1 Corintios 12, 4-11.
El mismo y único Espíritu reparte a cada uno en particular como él quiere
Hermanos:
Hay diversidad de carismas, pero un mismo Espíritu; hay diversidad de ministerios, pero un mismo Señor; y hay diversidad de actuaciones, pero un mismo Dios que obra todo en todos.
Pero a cada cual se le otorga la manifestación del Espíritu para el bien común.
Y así uno recibe del Espíritu el hablar con sabiduría; otro, el hablar con inteligencia, según el mismo Espíritu. Hay quien, por el mismo Espíritu, recibe el don de la fe; y otro, por el mismo Espíritu, don de curar. A este le ha concedido hacer milagros; a aquel, profetizar. A otro, distinguir los buenos y malos espíritus. A uno, la diversidad de lenguas; a otro, el don de interpretarlas.

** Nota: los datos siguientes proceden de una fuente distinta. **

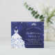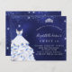 Um convite moderno, na moda e glamouroso para uma doce festa de aniversário 16, 16. Um fundo azul da meia-noite com poeira falsa, uma tiara e um vestido. A cor azul é irregular. O nome é escrito com um moderno estilo escrito à mão. Personalize e adicione os detalhes da sua festa.
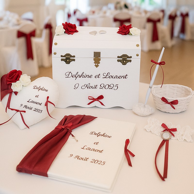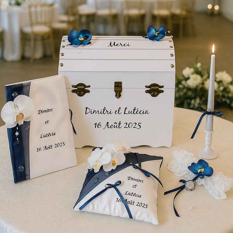 Découvrez mes collections d'urnes et coffres en bois, de coussins porte-alliances, de livres d'or, de jarretières et autres accessoires et décors, entièrement conçus selon vos envies et couleurs.
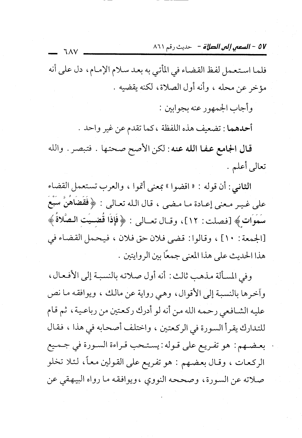الثاني: أن قوله: "اقضوا" بمعنى أتموا، والعرب تستعمل القضاء على غير معنى إعادة ما مضى، قال الله تعالى: {فَقَضَاهُنَّ سَبْعَ سَمَاوَاتٍ} [فصلت: 12]، وقال تعالى: {فَإِذَا قُضِيَتِ الصَّلَاةُ} [الجمعة: 10]، وقالوا: قضى فلان حق فلان، فيحمل القضاء في هذا الحديث على هذا المعنى جمعًا بين الروايتين.
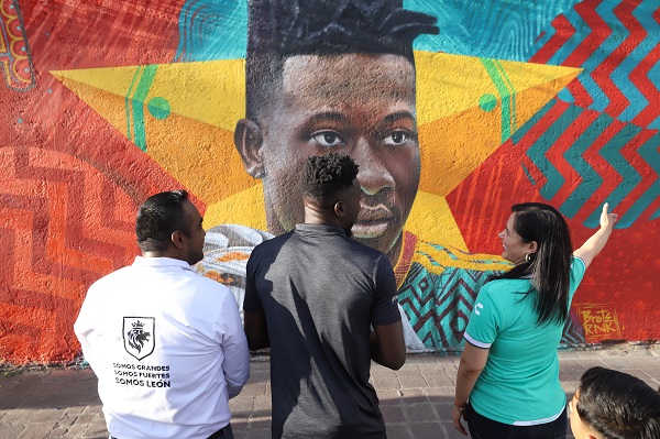 León, Gto., 17 de junio de 2024.- El futbolista camerunés André Onana, estuvo como invitado en la develación de un mural que se pintó en su honor en una barda de 15 metros del bulevar Adolfo López Mateos.
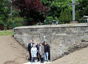 Helmstedt. Die Landschaftsarbeiten am Ludgerikreuz sind weitgehend abgeschlossen. Davon überzeugten sich kürzlich der Vorstand der Alma und August-Müller sowie die bei der Stadt Helmstedt für das Projekt verantwortlichen Mitarbeiter. Mächtige Erdmassen wurden bewegt, um den historischen Taleinschnitt, der auf die Quelle der Brunnenstube des Ludgerikreuzes zuführte, wieder hervortreten zu lassen. „So ist auch das Portal der Brunnenstube künftig wieder besser zu sehen und tritt entsprechend der historischen Vorlage in den Vordergrund“ erklärt Doris Noll vom städtischen Fachbereich Planen und Bauen. Darüber hinaus wurde die vorhandene Entwässerung instandgesetzt, weil diese durch das Wurzelwerk stark in Mitleidenschaft gezogen wurde.
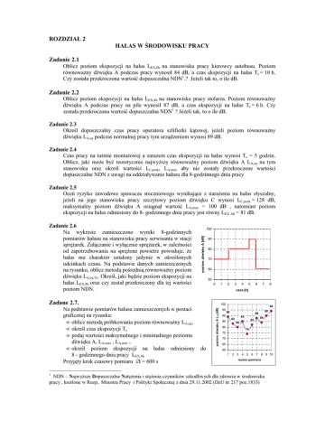 ROZDZIAŁ 2 HAŁAS W ŚRODOWISKU PRACY Zadanie 2.1 Oblicz poziom ekspozycji na hałas LEX,8h na stanowisku pracy kierowcy autobusu. Poziom równowaŜny dźwięku A podczas pracy wynosił 84 dB, a czas ekspozycji na hałas Te = 10 h. Czy została przekroczona wartość dopuszczalna NDN1.? JeŜeli tak to, o ile dB. Zadanie 2.2 Oblicz poziom ekspozycji na hałas LEX,8h na stanowisku pracy stolarza. Poziom równowaŜny dźwięku A podczas pracy na pile wynosił 87 dB, a czas ekspozycji na hałas Te = 6 h. Czy została przekroczona wartość dopuszczalna NDN1 ? JeŜeli tak, to o ile dB. Zadanie 2.3 Określ dopuszczalny czas pracy operatora szlifierki kątowej, jeŜeli poziom równowaŜny dźwięku LA,eq podczas normalnej pracy tym urządzeniem wynosi 89 dB. Zadanie 2.4 Czas pracy na taśmie montaŜowej a zarazem czas ekspozycji na hałas wynosi Te = 5 godzin. Oblicz, jaki moŜe być teoretycznie najwyŜszy równowaŜny poziom dźwięku A LA,eq na tym stanowisku oraz określ wartości LC,peak, LA,max aby nie zostały przekroczone wartości dopuszczalne NDN z uwagi na oddziaływanie hałasu dla 8-godzinnego dnia pracy Zadanie 2.5 Oceń ryzyko zawodowe spawacza stoczniowego wynikające z naraŜenia na hałas słyszalny, jeŜeli na jego stanowisku pracy szczytowy poziom dźwięku C wynosi LC,peak = 128 dB, maksymalny poziom dźwięku A osiągnął wartość LA,max = 100 dB , natomiast poziom ekspozycji na hałas odniesiony do 8- godzinnego dnia pracy jest równy LEX ,8h = 81 dB. 100 poziom dźwięku A [dB] Zadanie 2.6 Na wykresie zamieszczono wyniki 8-godzinnych pomiarów hałasu na stanowisku pracy serwisanta w stacji spręŜarek. Załączanie i wyłącznie spręŜarek, w zaleŜności od zapotrzebowania na spręŜone powietrz powoduje, Ŝe hałas ma charakter ustalony jedynie w określonych odcinkach czasu. Na podstawie danych zamieszczonych na rysunku, oblicz metodą pośrednią równowaŜny poziom dźwięku LA,eq,Te. Określ, jaki będzie poziom ekspozycji na hałas LEX,8h oraz czy został przekroczony dla tej wartości poziom NDN. 90 80 70 60 50 0 1 1 3 4 5 6 7 8 czas [h] Zadane 2.7. 100 poziom dźwięku A L A [dB] Na podstawie pomiarów hałasu zamieszczonych w postaci graficznej na rysunku: • oblicz metodą próbkowania poziom równowaŜny LA,eq, • określ czas ekspozycji Te • podaj wartości maksymalnego i minimalnego poziomu dźwięku A, LA,max , LA,min .. • określ poziom ekspozycji na hałas odniesiony 8 - godzinnego dnia pracy LEX,8h Przyjęty krok czasowy pomiaru ∆t = 600 s 2 do 95 94 89 90 85 83 85 90 88 82 80 80 84 74 75 70 65 60 1 2 3 4 5 6 7 8 9 10 numer pomiaru NDN – NajwyŜsze Dopuszczalne NatęŜenia i stęŜenia czynników szkodliwych dla zdrowia w środowisku pracy , kreślone w Rozp.. Ministra Pracy i Polityki Społecznej z dnia 29.11.2002 (DzU nr 217 poz.1833) Zadanie 2.8. W tabeli zamieszczono tygodniowe wyniki pomiarów równowaŜnego poziomu dźwięku LA,eq,Te oraz czasy ekspozycji na hałas Te na stanowisku pracy kierowcy wózka widłowego. Wyznacz poziomy ekspozycji LEX,8h dla kaŜdego dnia tygodnia oraz poziom LEX,w dla całego tygodnia. Odnieś uzyskane wyniki do wartości dopuszczalnych NDN. lp. 1 2 3 4 5 6 7 LA,eq,Te Te [dB] [h] 84 8 87 4 85 10 85 6 82 8 90 2 dzień wolny od pracy dzień tygodnia poniedziałek wtorek środa czwartek piątek sobota niedziela Zadanie 2.9. Zadanie 2.10 Określ dopuszczalny czas pracy przy frezarce, która emituje hałas ustalony o niezmiennym poziomie. Widmo oktawowe hałasu pomierzonego w miejscu gdzie przebywa pracownik przedstawiono na rysunku. poziom ciśnienia akustycznego [dB] W tabeli zamieszczono tygodniowe wyniki pomiarów równowaŜnego poziomu dźwięku LA,eq,Te oraz czasy ekspozycji na hałas Te na traktorzysty. Wyznacz poziomy ekspozycji LEX,8h dla kaŜdego dnia tygodnia oraz poziom LEX,w dla całego tygodnia. Odnieś uzyskane wyniki do wartości dopuszczalnych NDN. 100 95 90 85 80 75 70 65 60 55 50 lp. 1 2 3 4 5 6 7 dzień tygodnia poniedziałek wtorek środa czwartek piątek sobota niedziela LA,eq,Te Te [dB] [h] 87 10 dzień wolny od pracy 86 4 85 12 82 8 dzień wolny od pracy dzień wolny od pracy 90 85 85 80 80 80 75 70 70 60 31.5 63 125 250 500 1k 2k 4k 8k 16k częstotl środk. pasma okt. [Hz] Zadanie 2.11 Zakład produkcyjny ma dwie hale. Na jednej znajduje się lina produkcyjna w drugiej magazyn. Pomierzony równowaŜny poziom dźwięku A LA,eq na jego stanowisku pracy wynosi 90 dB. Szczytowy poziom dźwięku C LC,peak nie przekracza 130 dB, a maksymalny poziom dźwięku A LA,MAX wynosi 112 dB. Hałas w sąsiednim pomieszczeniu magazynowym, w którym pracownik mógłby równieŜ pracować ma charakter ustalony i wynosi 70 dB. Zaproponuj działania organizacyjne, aby wykorzystać cały ośmiogodzinny czas pracy pracownika i nie dopuścić do przekroczenia NDN.
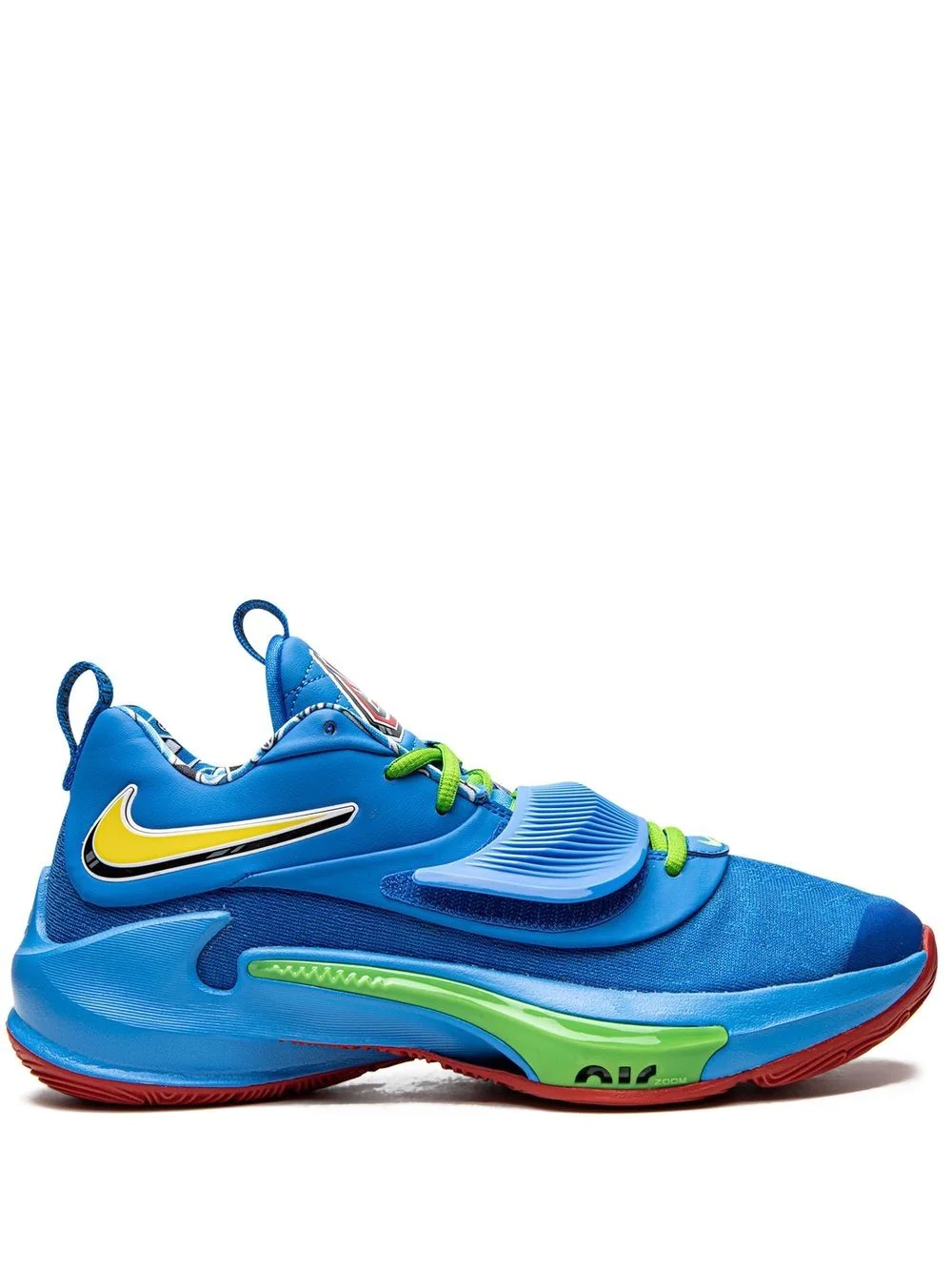 Zoom Freak 3 NRG sneakers With Giannis Antetokounmpo’s signature, the Nike Zoom Freak 3 was built with energy-returning cushioning and multidirectional traction. Besides the vibrant blue hue, the sneaker features a moulded midsole, 2 Zoom Air, and a hook-and-loop strap made from flexible TPU to help reduce internal foot movement. Highlights - Signature swoosh logo detail - Contrasting panel detail - Round toe - Front lace-up fastening - Front touch-strap fastening - Double pull-tab at the opening - Branded insole - Rubber sole - These styles are supplied by a premium sneaker marketplace. stocking only the most sought-after footwear, they source and curate some of the most hard to find sneakers from around the world. Imported Composition Other fibres 100%
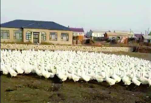 绿野家源家庭农场今年养了3000只大鹅,经过从夏季到冬季的精心饲养,大鹅膘肥体壮。 袁达 摄28公顷水田、20公顷旱田,年产大米15万公斤、杂粮5万公斤、豆油1万公斤,养鸡1000只、大鹅3000只,出产各种禽蛋21万枚,鱼5000多公斤,猪30多头……成立5年多来,绿野家源家庭农场已经“家大业大”。
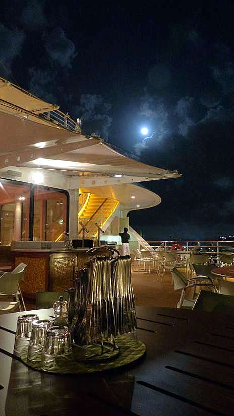 Während wir später bei Abendessen im Außenbereich des Weite Welt Restaurants sitzen, legt die Aidaluna um 19 Uhr in Ocho Rios ab. Der Fast-Vollmond scheint auf uns herab und wir genießen die Wärme und das leckere Abendessen. Später sehen wir uns erneut die Prime Time Show an und sichern uns Plätze für die 21 Uhr-Show des Zauberkünstlers Jochen Stelter. Er hatte tolle Tricks auf Lager, aber seine Art liegt uns nicht so richtig. Während der Show genehmigen wir uns wieder 2 Cocktails, so langsam schrumpft unser Paket, aber wir haben noch einige Gutscheine auf Lager. Bei der Shopping-Night im Aida Shop, wo es auch ein Foto-Shooting mit dem Kapitän Thomas Mey geben soll, ist es schon ziemlich voll.
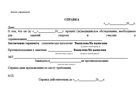 Более обширную медкомиссию спортсмен должен будет пройти, если ему необходима многоразовая справка.
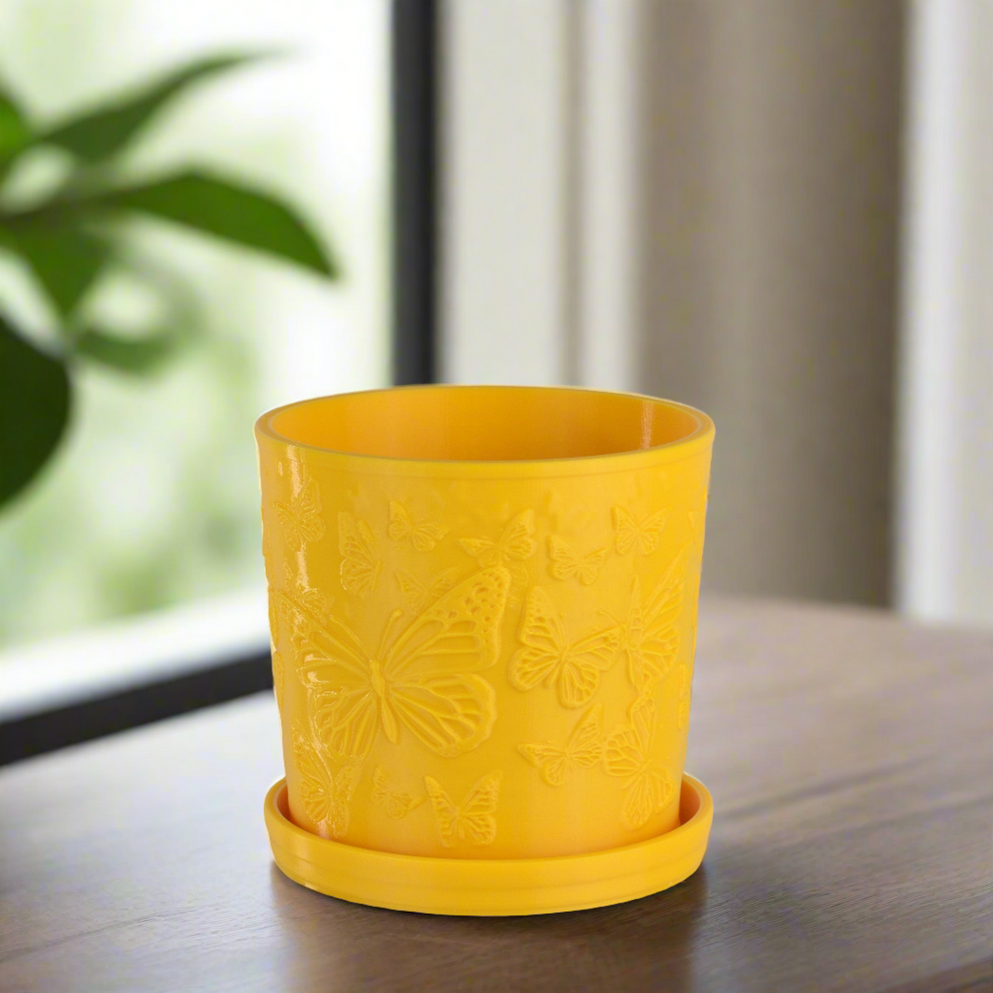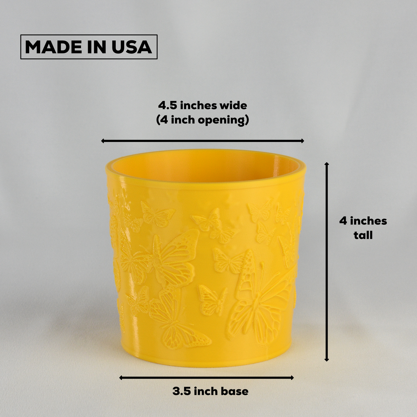 Small Butterfly Planter, Lemon Yellow, 4-inch Pot
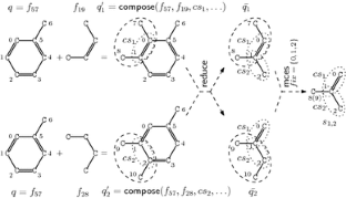 The details of Algorithm 4 can be described as follows. It starts the enumeration from a feature (\(\mathsf {cs}\)), and composes large query graphs from two descendants (\(f_i\) and \(f_j\)) of \(\mathsf {cs}\) (Lines 1–2). Line 3 checks if the increment is smaller than \(\delta \). In Line 4, we iterate through each embedding of \(\mathsf {cs}\) in \(f_i\) and \(f_j\), respectively. In Line 5, we compose a larger graph (denoted as \(f_{ij}\)) from \(f_i\) and \(f_j\) via \(\mathsf {cs}\). If \(f_{ij}\) is a feature, then Algorithm 4 just detected a possible way to compose \(f_{ij}\). In Lines 6–7, we employ the techniques in Sect. 4.2 to prune the empty queries.
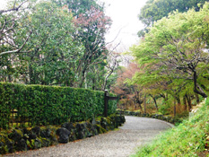 | 左側より | 裏口の門・周辺・園路は飛石・景石は少なく、桜・紅葉・松などの樹木・低木・熊笹・躑躅などによって構成を計る。 |
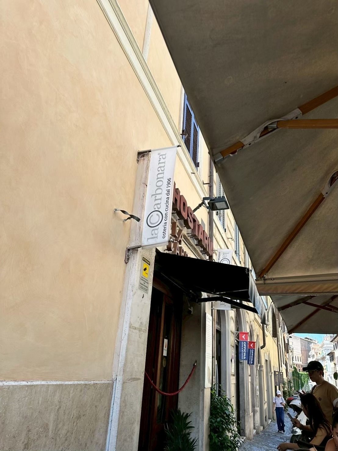 2024.12.20.イタリアローマ LA CARBONARA カルボナーラ発祥の店 ローマにはもう一軒同じ名前の偽ボナーラ発祥の店があるのでお間違えなく昼は12:30、夜は19:00オープン 激混みするのでオープン同時がベター 生クリームをつかわず卵とチーズだけのモノホンカルボナーラを。
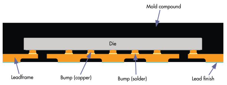 倒裝芯片引線框架結構有助于充分提高引線封裝的功耗能力。
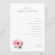 This wedding program features a minimalist and elegant layout with ample white space, creating a clean and sophisticated appearance. The design includes a central heading in a serif font, followed by a list of ceremony components arranged vertically with consistent spacing. A subtle illustration of pink peonies adds a touch of natural beauty to the composition, while the color palette primarily consists of black text against a white background. The typography is formal and traditional, enhancing the ceremonial theme and conveying a mood of elegance and refinement, perfect for celebrating this significant life event.
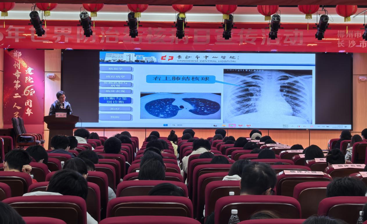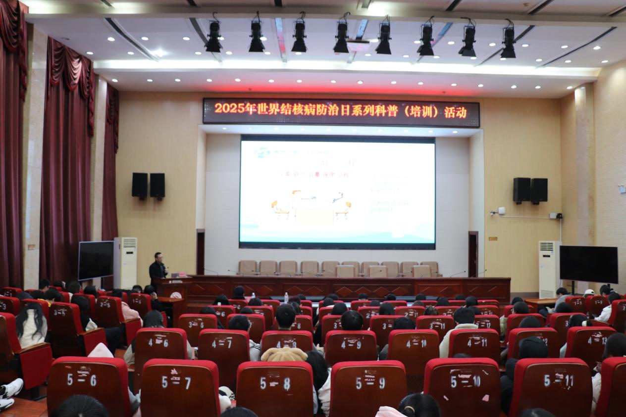3月15日,首场"结核病防治三全"主题科普活动在我校图书馆西报告厅启动。郴州市第二人民医院结核中心主任陈检才以"全球疫情趋势-典型案例解析-全周期管理策略"为主线,通过数字化防控案例强调校园防控的重要性。基础医学院博士李旭主持活动,育蕾科普志愿者协会成员发放《校园结核防控手册》,并进行现场答疑,强化现场师生的防治认知,现场氛围活跃。本次活动通过"专家授课+互动科普+校园动员"三维模式,为构建校园健康防线注入专业力量。
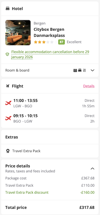 From £159, you can get a long weekend in Bergen with direct flights from London, and a stay at the well-rated Citybox Bergen Danmarksplass.
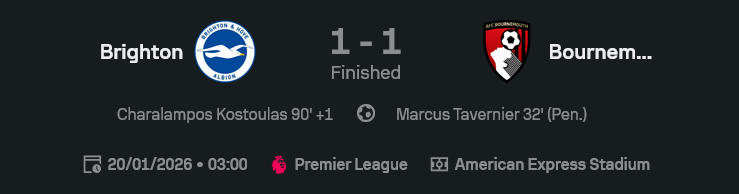 เกมนี้ที่เอเม็กซ์ สเตเดียม ไบรท์ตันครองบอลบี้บอร์นมัธทั้งคืน แต่ดันโดนนำก่อนจากจุดโทษของมาร์คัส ทาเวอร์เนียร์ ก่อนที่ชาราลัมปอส คอสตูลาส จะสวมบทฮีโร่ซัดตีเสมอช่วงทดเจ็บ นาที 90+1 เปลี่ยนหน้าไทม์ไลน์จากโหมดหัวร้อนเป็นโหมดระบายโล่งให้แฟนนกนางนวลแบบช็อตเดียวจบ ใครเปิดดูทันท้ายเกมนี่บอกเลยโคตรคุ้มสเตตัสสายเช็ก ผลบอลสด
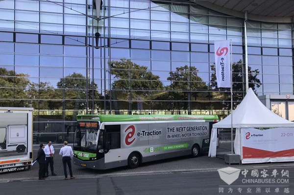 中国泰特荷兰子公司e-Traction携最先进的电驱动技术轮毂电机参展,与此同时,e-Traction将一款在鹿特丹运营了9年的轮毂电机客车带到现场,供观众近距离试乘体验。
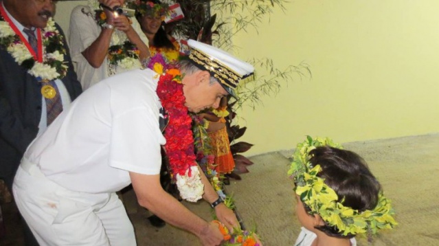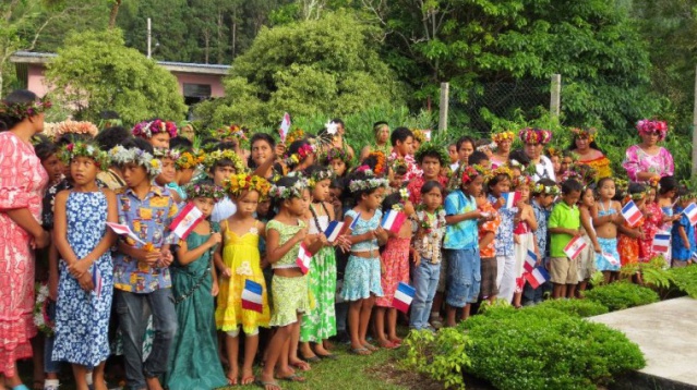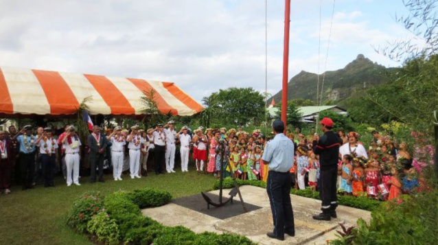 Les enfants de l’île lui ont offert une interprétation exceptionnelle des hymnes polynésien et national, lors de la cérémonie de levée des couleurs et en présence, d’un piquet d’honneur de l’« Arago ».
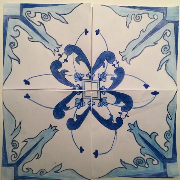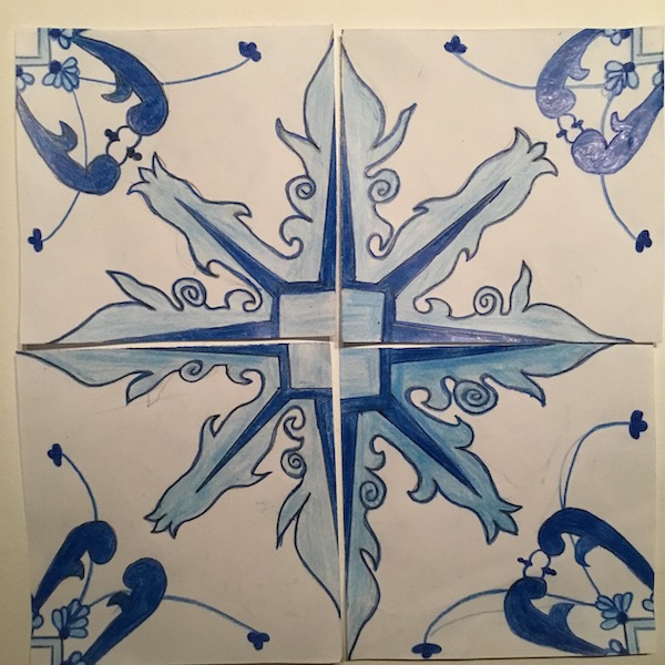 01.10.19 – Die Schülerinnen und Schüler der Erasmus-AG haben erste Entwürfe für ihre Fliesen entwickelt. Wichtig dabei war die Unterscheidung zwischen Muster und Motiven: Muster auf Fliesen wirken erst, wenn die Ecken mehrerer gleicher Fliesen zusammenstoßen. Die Muster sind symmetrisch angelegt. Dies muss bei der Gestaltung der Fliese berücksichtigt werden (siehe unten). Anders ist es bei Bilderfliesen. Die verschiedenen Motive wirken auch einzeln, wie der Entwurf mit der Kuh zeigt.

El mismo y único Espíritu obra todo esto, repartiendo a cada uno en particular como él quiere.
Juan 2, 1-11
Este fue el primero de los signos que Jesús realizó en Caná de Galilea
En aquel tiempo, había una boda en Caná de Galilea, y la madre de Jesús estaba allí. Jesús y sus discípulos estaban también invitados a la boda.
Faltó el vino, y la madre de Jesús le dice: «No tienen vino».
Jesús le dice: «Mujer, ¿qué tengo yo que ver contigo? Todavía no ha llegado mi hora».
Su madre dice a los sirvientes: «Haced lo que él os diga».
Había allí colocadas seis tinajas de piedra, para las purificaciones de los judíos, de unos cien litros cada una.
Jesús les dice: «Llenad las tinajas de agua».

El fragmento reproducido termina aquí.